Se oía música navideña al fondo y voces que discutían. Danny Webster tenía veintipocos años y aún vivía con la familia.

—Lamento molestarte en Nochevieja pero tenemos un caso y debo hacer una autopsia con urgencia. Voy camino de la oficina.

—¿Me necesita? —Lo noté muy abierto a tal idea.

—No sabes cuánto te agradecería que me ayudaras. En este momento hay una embarcación y un cuerpo camino de allí y...

—No hay problema, doctora Scarpetta —se ofreció con gusto—. Enseguida estaré allí.

Llamé a casa pero Lucy no contestó. Luego marqué un código para comprobar los mensajes del contestador: dos amigos de Mant le expresaban sus condolencias. Había empezado a nevar bajo el cielo plomizo, y la interestatal estaba llena de gente que conducía más deprisa de lo que resultaba prudente.

Me pregunté por qué motivo se habría retrasado Lucy y por qué no me había llamado. Lucy tenía veintitrés años y acababa de graduarse en la Academia del FBI. Yo aún me preocupaba por ella como si necesitara mi protección.

Mi oficina en el distrito de Tidewater se encontraba en un anexo pequeño y abarrotado del recinto del Hospital General Sentara Norfolk. Compartíamos el edificio con el Departamento de Sanidad, en el que por desgracia se ubicaba la oficina de Control de Mariscos. Entre el hedor de los cuerpos en descomposición y el del pescado putrefacto, el aparcamiento no era un lugar recomendable en ningún momento del día ni del año. El viejo Toyota de Danny ya estaba allí, y cuando abrí la puerta del hangar, me alegró ver también la batea.
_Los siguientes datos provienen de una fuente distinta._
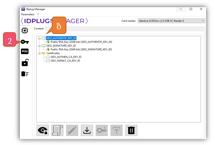ღილაკი (2) - ფანჯარა Content (ბ) საშუალებით შესაძლებელია  შტამპის ბარათის ავთენტიფიკაციისა და ხელმოწერის გასაღების შესახებ ინფორმაციის მიღება.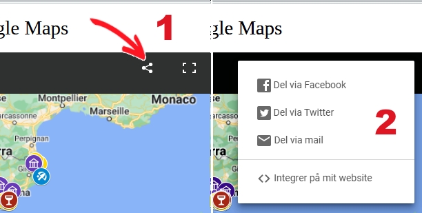 Du er velkommen til at dele Spanien i Dags Google Map-kort med andre. Du kan let gøre det på Facebook, Twitter (X), via email eller integrere kortet på din hjemmeside. Måske udlejer du en feriebolig og vil gerne tilbyde dine gæster den ekstra viden og service.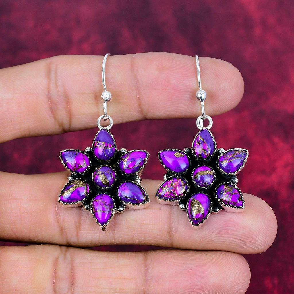 Cercei cu turcoaz și cupru violet, bijuterii din argint 925 masiv, cercei cu pietre prețioase, cadou pentru ea, bijuterii delicate lucrate manual — cumpără ieftin în cadrul magazinului online Joom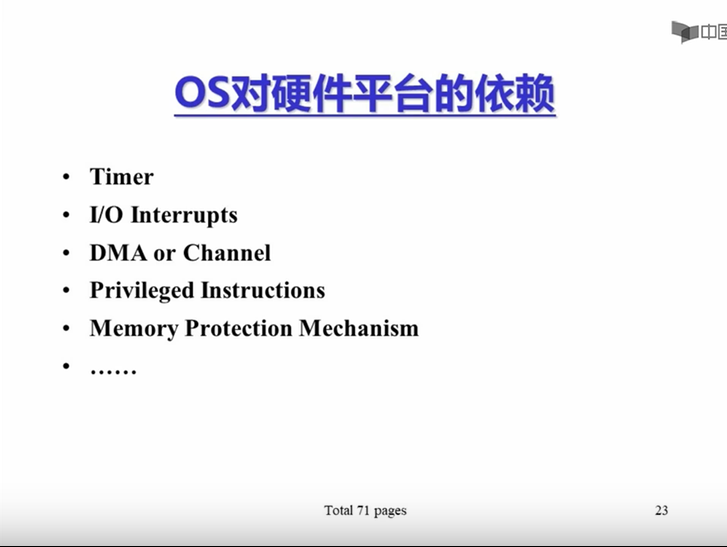 计时器、中断机制、DMA、特权指令(进程并发章节)、存储保护机制(存储地址转换 MMU)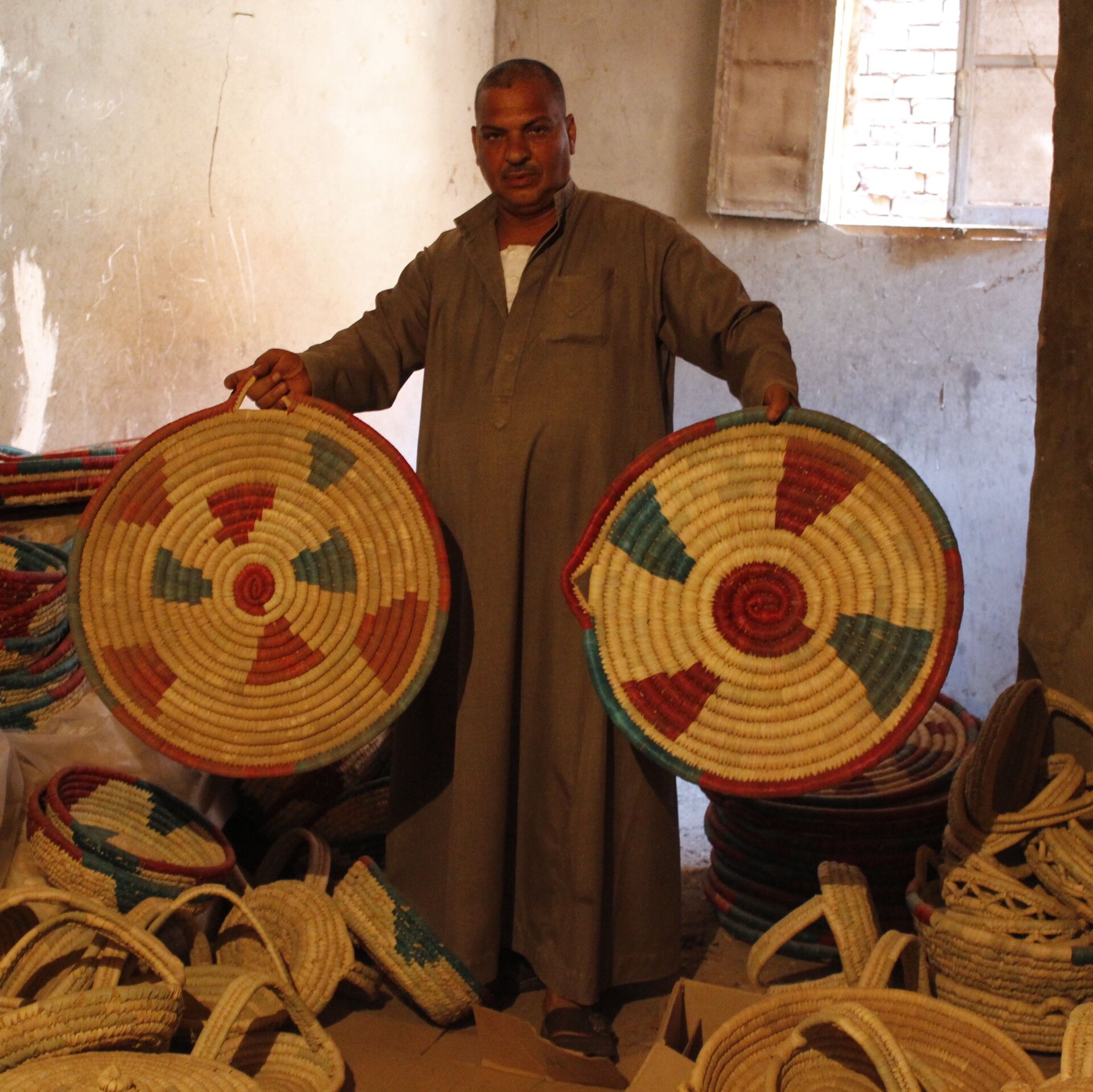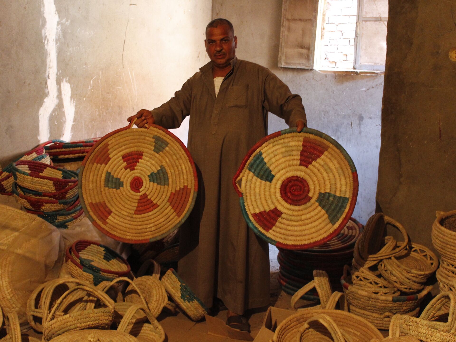 وفي نفس السياق، قال لنا خالد أحمد خالد، أحد صانعى الجريد والخوص، إن قرية الإعلام عرفت صناعة الخوص ومنتجات النخيل فى بدايات القرن الماضى قبل ثورة 1919، عندما جاء مجموعة من المواطنين من محافظة أسوان لزيارة ذويهم وبصحبتهم بعض المشغولات المصنوعة من سعف النخيل، ومنذ ذلك التاريخ عرفت القرية هذه الصناعة واصبحت مركزًا لها بعد هذه الفترة، واحترف معظم قاطنيها هذه المهنة وكانوا يحققون أرباحًا كبيرة منها، ولكن مع التطور وظهور منتجات أخرى بديلة أصبح العاملين فى هذه الصناعة يعانون الآمرين فى سبيل بيع منتجاتهم التى كان يتهافت عليها السائحون والمواطنون فى باقى المحافظات، ولكن مع توقف حركة السياحة عقب ثورة 25 يناير بالإضافة إلى توقف المعارض ببعض المحافظات السياحية جعل الطلب على المنتجات ضعيفا للغاية.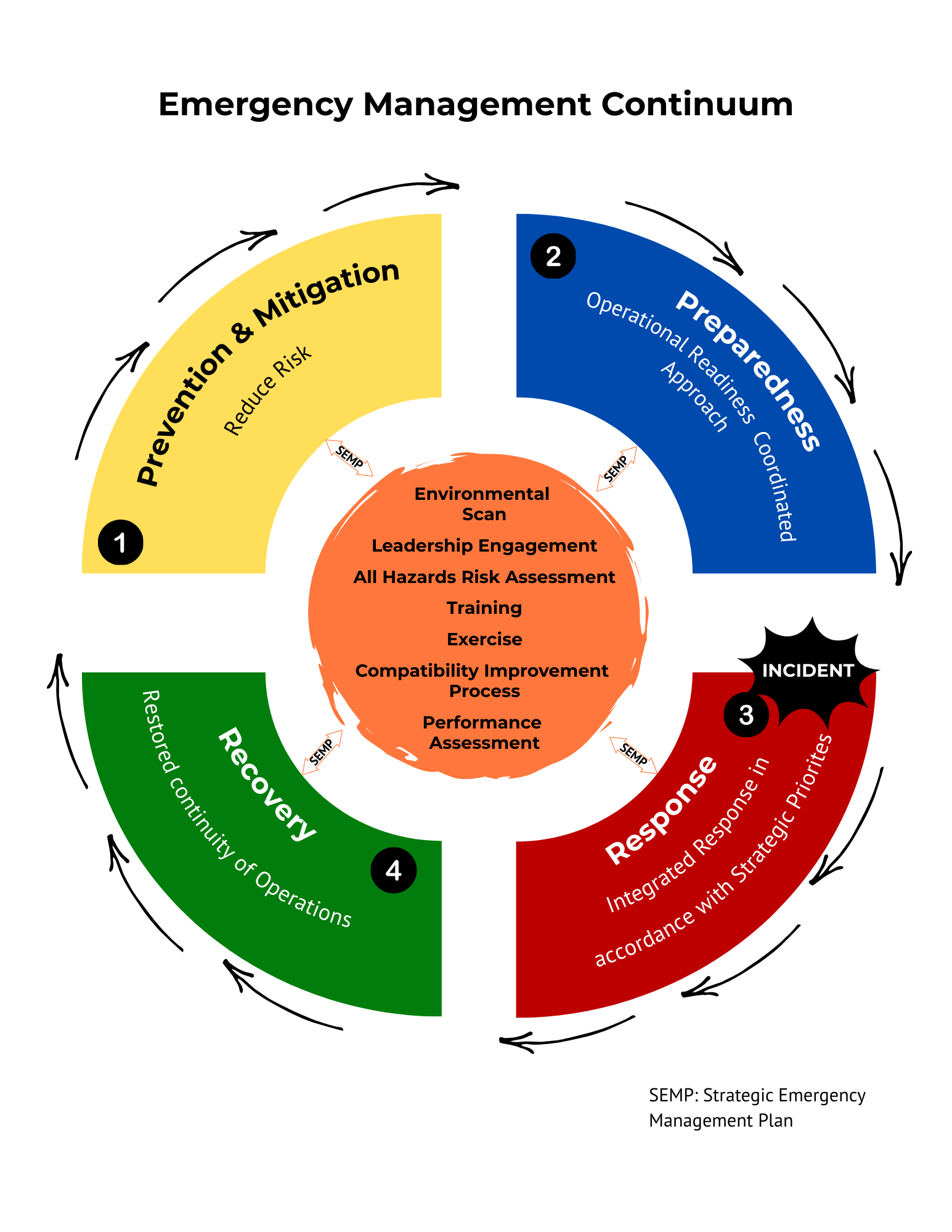 An emergency can be any event, such as severe weather, wildfires, flooding or drought, infrastructure failure, or even a digital/IT incident, that requires a prompt, coordinated response to safeguard people and minimize harm. This is guided by four key pillars: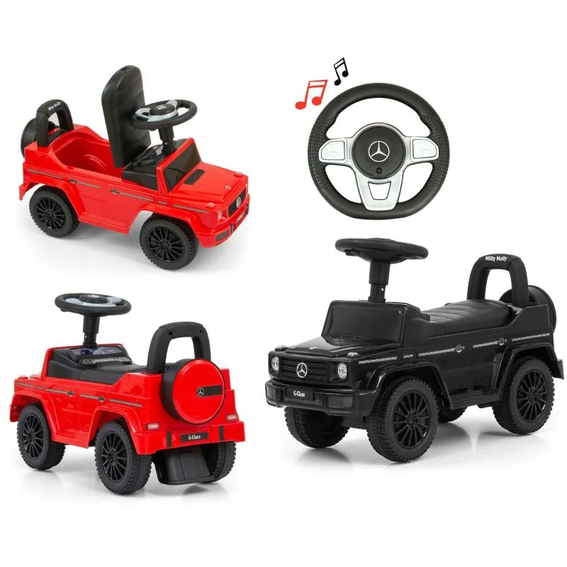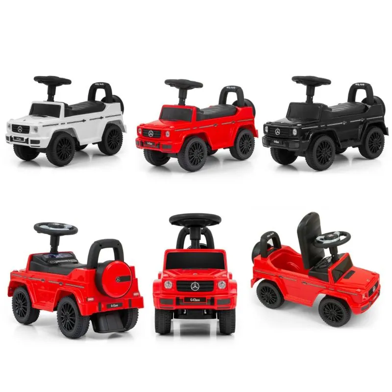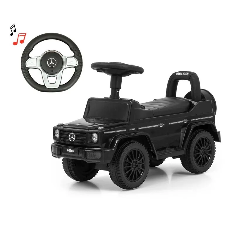 Torsionālie priekšējie riteņi, vadāmi ar rokturi.Trīs spieķu stūre ar Mercedes logotipu, ar skaņas signālu un motora skaņu.Aizsardzība pret transportlīdzekļa apgāšanos.Kaste zem sēdekļa.Ērts un elegants sēdeklis.Metāla riteņu asis.Vecums 12-36 mēneši.Maksimālais svars 25 kg.CE drošības sertifikāts.Barošana: 2 AA baterijas (nav iekļautas komplektā).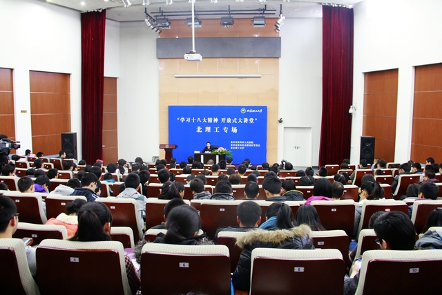 11月29日下午,金年会jinnianhuicom与北京市房山区人民法院、房山区良乡高教园区管委会联合举办的“学习十八大精神 开放式大讲堂”在良乡综合楼报告厅举行,十八大代表、北京市房山区人民法院法官厉莉为北理工师生作专题报告。副校长赵显利,房山区良乡高教园区管委会常务副主任蔡本睿,基础教育学院党委书记王悦音,学生工作处处长杨海出席报告会。参加报告会的还有良乡校区辅导员、协理员、学生干事代表和部分学生党员、入党积极分子等300余人。报告会由校长助理、良乡校区管委会主任姚利民主持。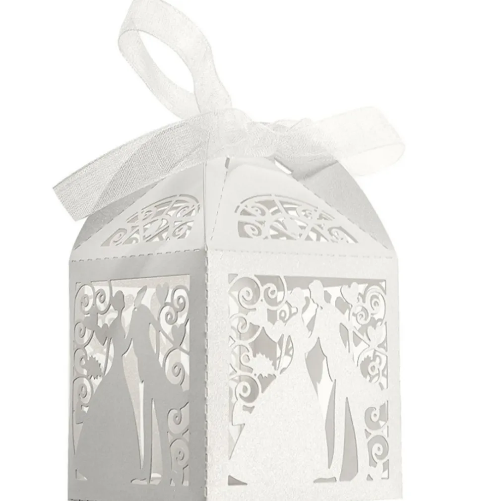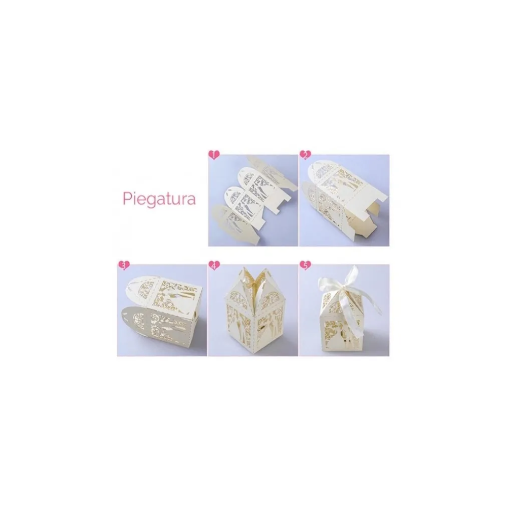 Bomboniera Scatolina Avorio Sposi Cubo Portaconfetti Segnaposto Matrimonio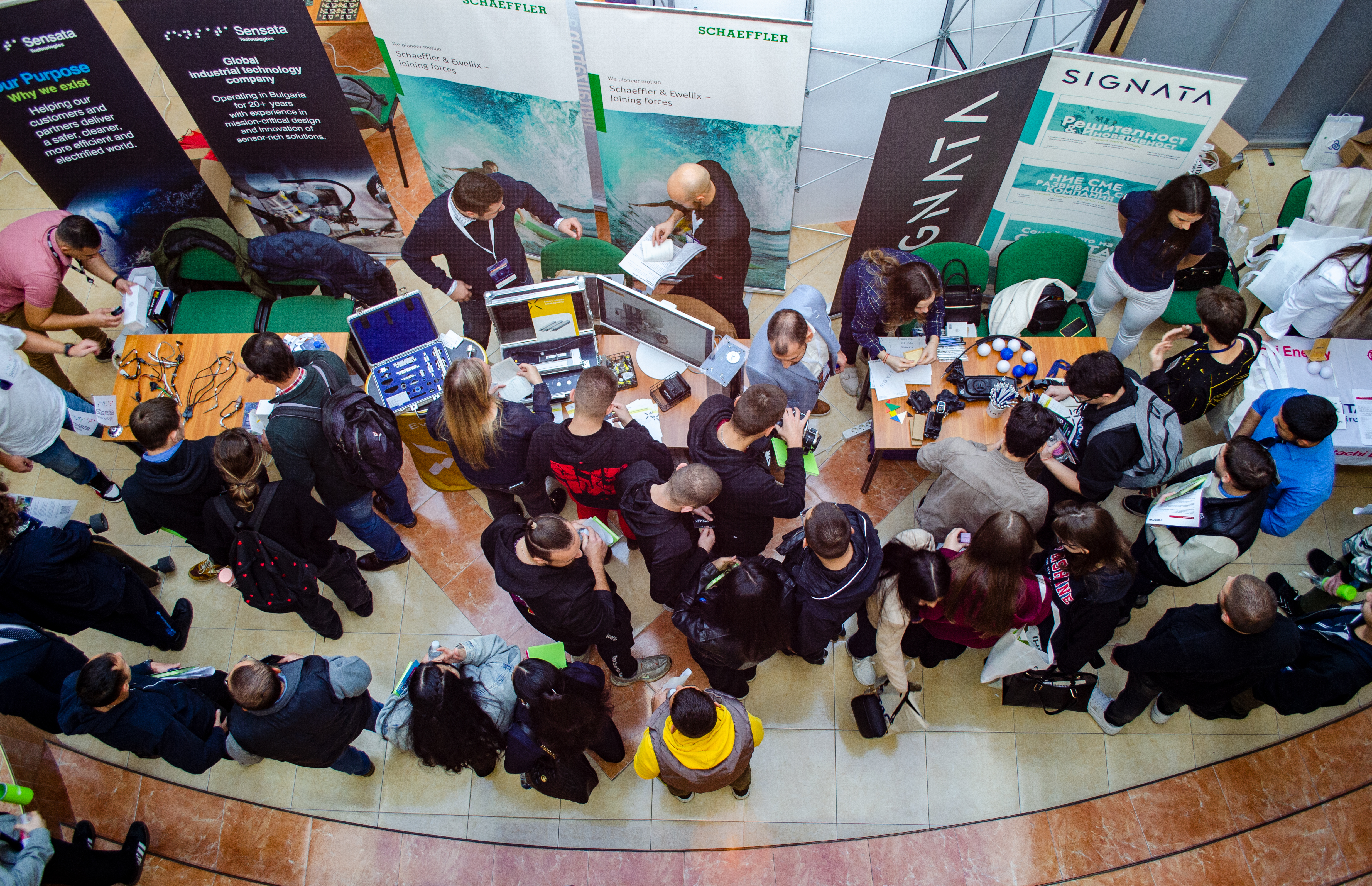 По време на събитието, студентите и участниците имаха възможност да се срещнат с представители на компании от различни сфери, включително информационните технологии, телекомуникациите, бизнес процесите (BPO), производството и технологичния сектор: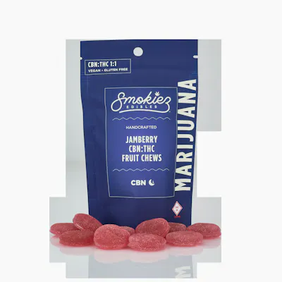 NEW! Smokiez™ Relaxing Jamberry CBN:THC 1:1 Fruit Chews are NOT YOUR AVERAGE GUMMY™ ;) These delicious fruit chews are a tasty and satisfying way for you to medicate. They are also Vegan, Gluten-Free, Dairy-Free, and contain NO High Fructose Corn Syrup. Each of our mouth-watering fruit chews contains 10 mg of CBN and 10 mg of THC and made with our high clarity hemp extract for great taste. There are 10 pieces per package with a total of 100 mg active CBN and 100mg of active THC per package. SO... WHAT IS CBN? Cannabinol (CBN) is a mildly psychoactive compound in marijuana and is unique to the plant. According to Steep Hill Labs, Cannabinol is the most sedative known cannabinoid, which makes it an ideal cannabinoid for a solid night of sleep.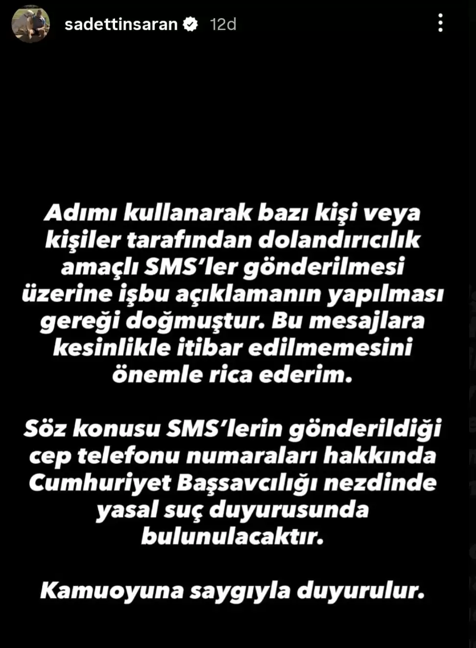 “Adımı kullanarak bazı kişi veya kişiler tarafından dolandırıcılık amaçlı SMS’ler gönderilmesi üzerine işbu açıklamanın yapılması gereği doğmuştur. Bu mesajlara kesinlikle itibar edilmemesini önemle rica ederim.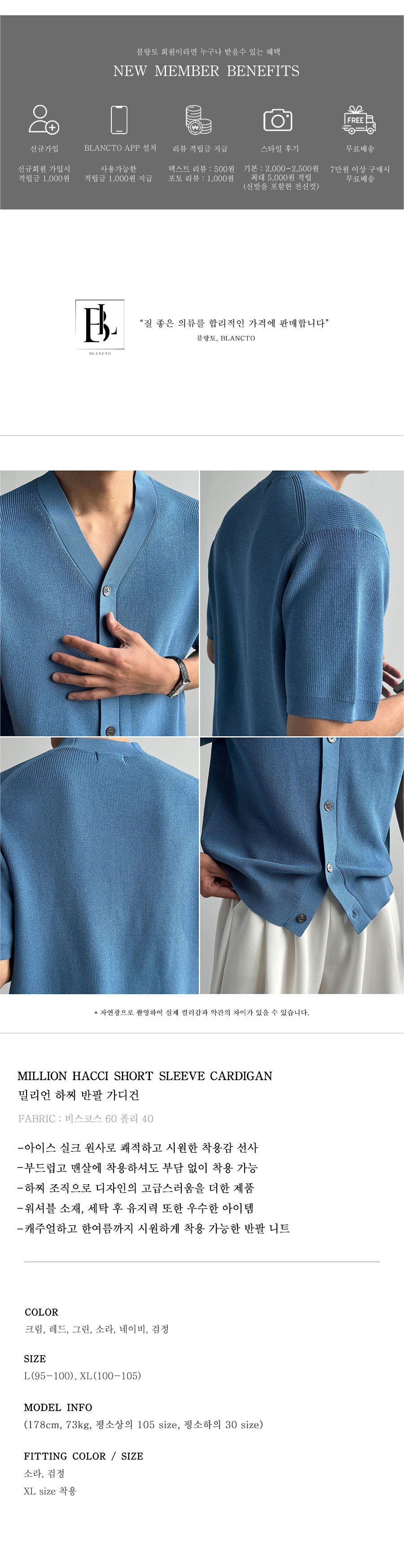 "아이스 실크 원사"로 한여름까지 시원하게 착용 가능하며 하찌 조직으로 고급미를 살려주는 제품.

Fui rodeando la embarcación para observarla. La larga manguera de baja presión estaba enroscada cuidadosamente. Un extremo de ella, cortado, y el regulador conectado a él, habían sido introducidos en una bolsa de plástico sellada, siguiendo mis instrucciones. El otro extremo todavía estaba conectado al pequeño compresor. Junto a éste había una lata de gasolina y el previsible equipo de navegación y de buceo: lastres, un tanque con aire comprimido a tres mil libras por pulgada cuadrada, un remo, un chaleco salvavidas, una linterna, una manta y una pistola de señales.

Eddings también había añadido a la embarcación un motor extra, de cinco caballos, que sin duda había utilizado para entrar en la zona restringida en la que había muerto. El motor principal, de treinta y cinco caballos, estaba levantado y asegurado. Así que debía de llevarlo fuera del agua y recordé que, en efecto, lo había visto en aquella posición en el escenario del suceso. Pero lo que más me interesó fue una bolsa de plástico duro abierta en el fondo de la embarcación. Protegidos en sus correspondientes forros de gomaespuma había varios accesorios de cámaras fotográficas y cajas de carretes Kodak de 100 ASA. No vi ninguna cámara ni objetivos, e imaginé que estarían perdidos para siempre en el lecho del río Elizabeth.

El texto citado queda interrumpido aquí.